Given material —
******
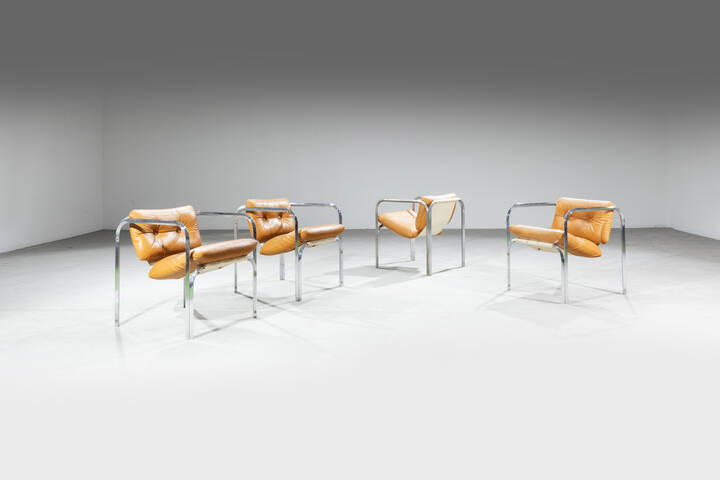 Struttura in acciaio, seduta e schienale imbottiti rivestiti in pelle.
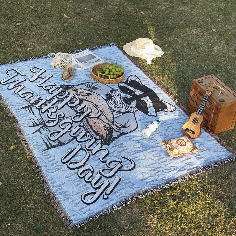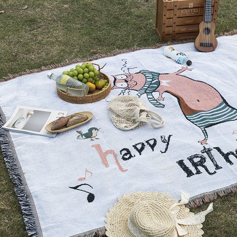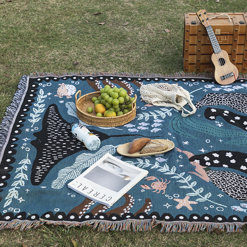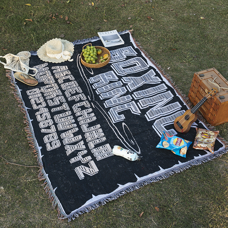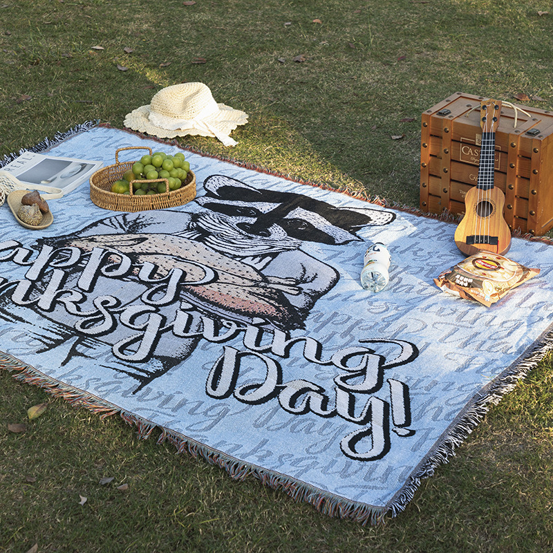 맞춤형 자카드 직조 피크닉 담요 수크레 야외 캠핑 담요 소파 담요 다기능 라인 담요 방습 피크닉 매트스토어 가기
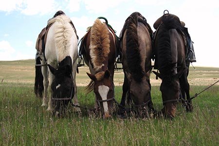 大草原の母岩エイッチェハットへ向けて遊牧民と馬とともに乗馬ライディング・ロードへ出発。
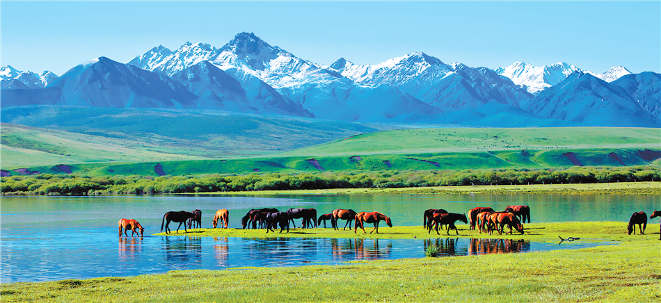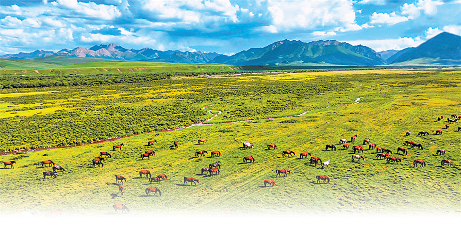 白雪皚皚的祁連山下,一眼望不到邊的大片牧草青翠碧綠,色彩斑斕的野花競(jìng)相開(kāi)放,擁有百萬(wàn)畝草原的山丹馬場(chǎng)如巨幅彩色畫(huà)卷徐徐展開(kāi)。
******
Strip out the pictures and reproduce the remaining material above exactly.

 Struttura in acciaio, seduta e schienale imbottiti rivestiti in pelle.
 맞춤형 자카드 직조 피크닉 담요 수크레 야외 캠핑 담요 소파 담요 다기능 라인 담요 방습 피크닉 매트스토어 가기
 大草原の母岩エイッチェハットへ向けて遊牧民と馬とともに乗馬ライディング・ロードへ出発。
 白雪皚皚的祁連山下,一眼望不到邊的大片牧草青翠碧綠,色彩斑斕的野花競(jìng)相開(kāi)放,擁有百萬(wàn)畝草原的山丹馬場(chǎng)如巨幅彩色畫(huà)卷徐徐展開(kāi)。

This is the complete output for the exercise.